GIVEN ENTRIES:
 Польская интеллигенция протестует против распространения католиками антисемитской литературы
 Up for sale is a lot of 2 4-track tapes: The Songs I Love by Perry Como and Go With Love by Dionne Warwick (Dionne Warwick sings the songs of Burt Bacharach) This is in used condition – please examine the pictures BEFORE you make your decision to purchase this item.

* * *

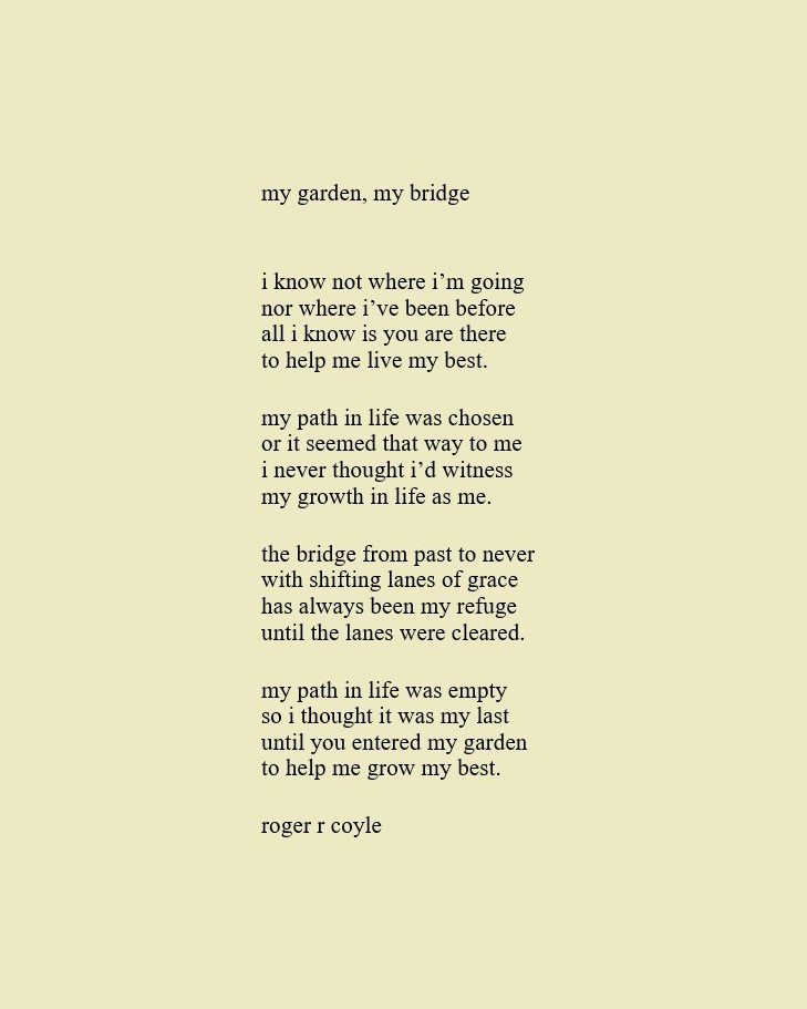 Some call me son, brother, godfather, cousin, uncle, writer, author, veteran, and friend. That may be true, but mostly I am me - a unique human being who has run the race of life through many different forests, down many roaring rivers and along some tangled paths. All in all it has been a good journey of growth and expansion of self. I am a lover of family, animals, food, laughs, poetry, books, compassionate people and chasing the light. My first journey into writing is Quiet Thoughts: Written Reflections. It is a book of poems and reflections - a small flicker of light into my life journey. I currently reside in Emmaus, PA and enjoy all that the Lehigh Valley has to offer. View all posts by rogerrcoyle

EXERCISE REQUIREMENTS: Find the line with "Польская интеллигенция протестует" in the material above. Reproduce it and each line after it up to and including the line with "Up for sale".

REPLY TO THE TASK:
 Польская интеллигенция протестует против распространения католиками антисемитской литературы
 Up for sale is a lot of 2 4-track tapes: The Songs I Love by Perry Como and Go With Love by Dionne Warwick (Dionne Warwick sings the songs of Burt Bacharach) This is in used condition – please examine the pictures BEFORE you make your decision to purchase this item.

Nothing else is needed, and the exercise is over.